Romero’s casting choice really opened the film up to various interpretations and analyses. Race still matters, whether we want it to or not.
The cult, subversive $114,000 film reportedly grossed some $12 million domestically, and $30 million internationally, over the years since its release.
After Night of the Living Dead, Duane Jones co-starred in 1973′s Ganja and Hess (another film worthy of your Halloween screening schedule). He died in 1988.
After you watch Night of the Living Dead, I recommend purchasing and reading Night of the Living Dead: Behind the Scenes of the Most Terrifying Zombie Movie Ever, by Joe Kane. It was published in 2010. It’s packed full of what you may already know about the film, but also what you may not know, and should, like some of what is within the excerpts I included below.
If after reading these excerpts, you decide that you want to read more, CLICK HERE to buy the 272-page paperback via Amazon, for just about $12.

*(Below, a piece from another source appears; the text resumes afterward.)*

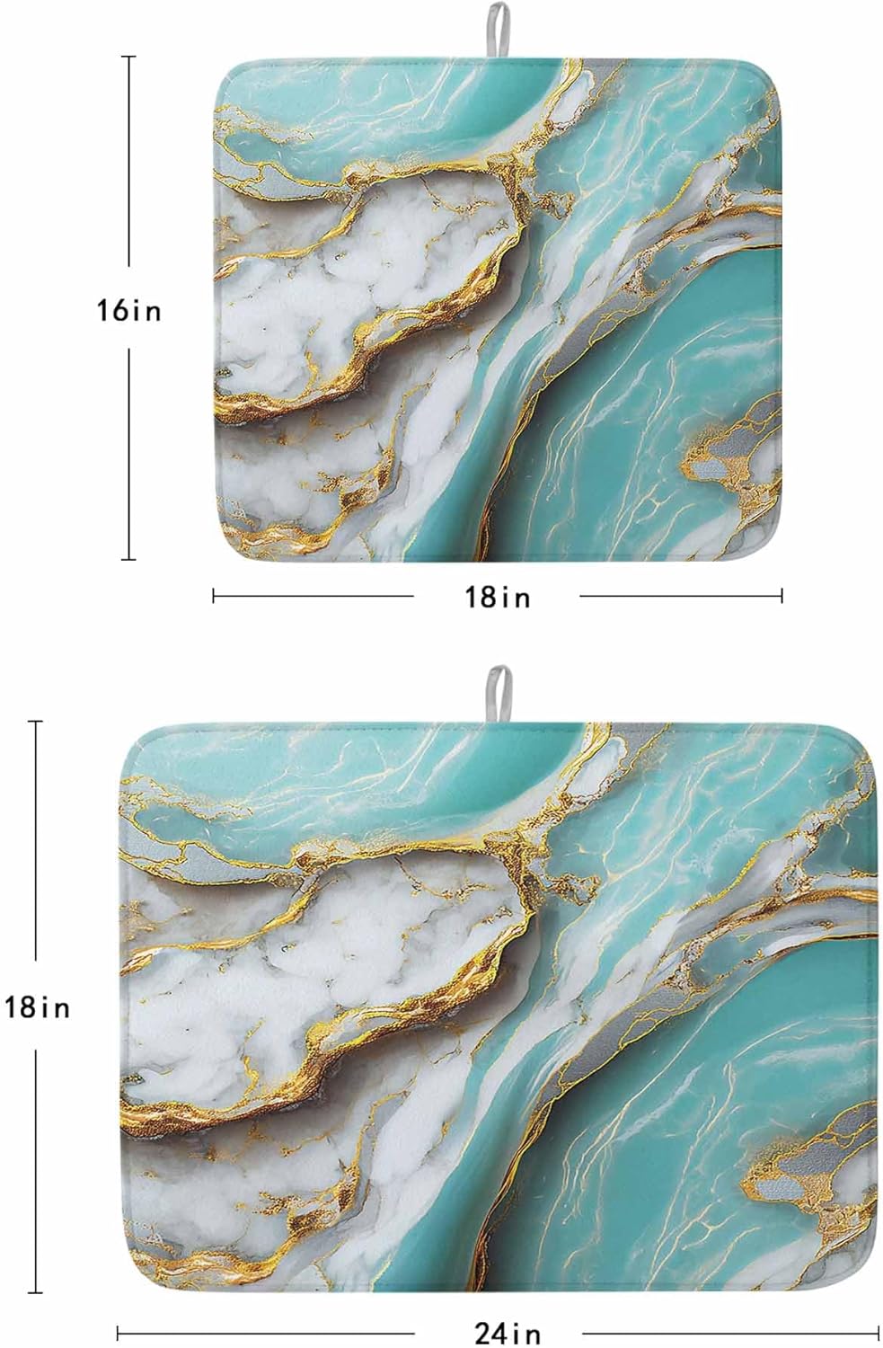 Material: Polyester microfiber Size Options: 16x18 inch, 1 pack 16x18 inch, 2 pack 18x24 inch, 1 pack 18x24 inch, 2 pack Super Absorbent Microfiber: Our Dish Drying Mat is crafted from high-quality microfiber, making it incredibly absorbent. This feature ensures your kitchen counter stays dry and hygienic, effectively soaking up water from washed dishes. Versatile Sizes: Whether you have a compact kitchen or need extra space for larger dish loads, our mats come in sizes that cater to every need. The larger size is perfect for pots, pans, and plates, while the smaller size suits cups and cutlery. Machine Washable: Easy to clean, these mats are machine washable. This reusable feature makes them comfortable choice for your kitchen. Compact and Stylish: Designed to seamlessly blend into any kitchen aesthetic, our dish drying mats are not only functional but also add a touch of style to your countertop. Easily foldable, they can be stored away to free up space when not in use. Multi-use: Beyond drying dishes, they serve as excellent coffee bar mats, protecting surfaces from spills and stains, or as a cushioned resting spot for kitchen gadgets. Usage Scenarios Daily Kitchen Use: Transform your kitchen counter into a dry, organized, and sanitary space. Ideal for the fast-paced environment of home kitchens, where efficiency and cleanliness are paramount. Coffee Bar Accents: Perfect for placing under your espresso machine or coffee maker, not only to absorb drips but also to add a sophisticated touch to your coffee station. Gift Idea: A thoughtful and practical gift for anyone setting up a new home, avid cooks, or coffee enthusiasts.

Here’s a juicy bit I lifted from it:
… As originally written, Ben was a resourceful but rough and crude-talking trucker, a role initially envisioned for Rudy Ricci. Those plans changed when a 31-year-old African-American actor named Duane Jones competed for the part. “A mutual friend of George’s and mine was a woman by the name of Betty Ellen Haughey,” producer Russ Streiner relates. “She grew up in Pittsburgh, but at that time she was living in New York and she knew of Duane Jones. He’d started off in a suburb just outside of Pittsburgh, yet he was off in New York making a living as a teacher and an actor. Duane happened to be in Pittsburgh visiting his family, and we auditioned him. And immediately everyone, including Rudy Ricci, said, ‘Hey, this is the guy that should be Ben.’” Director George Romero agrees with that recollection: “Duane Jones was the best actor we met to play Ben. If there was a film with a black actor in it, it usually had a racial theme, like ‘The Defiant Ones.’ Consciously I resisted writing new dialogue ‘cause he happens to be black. We just shot the script.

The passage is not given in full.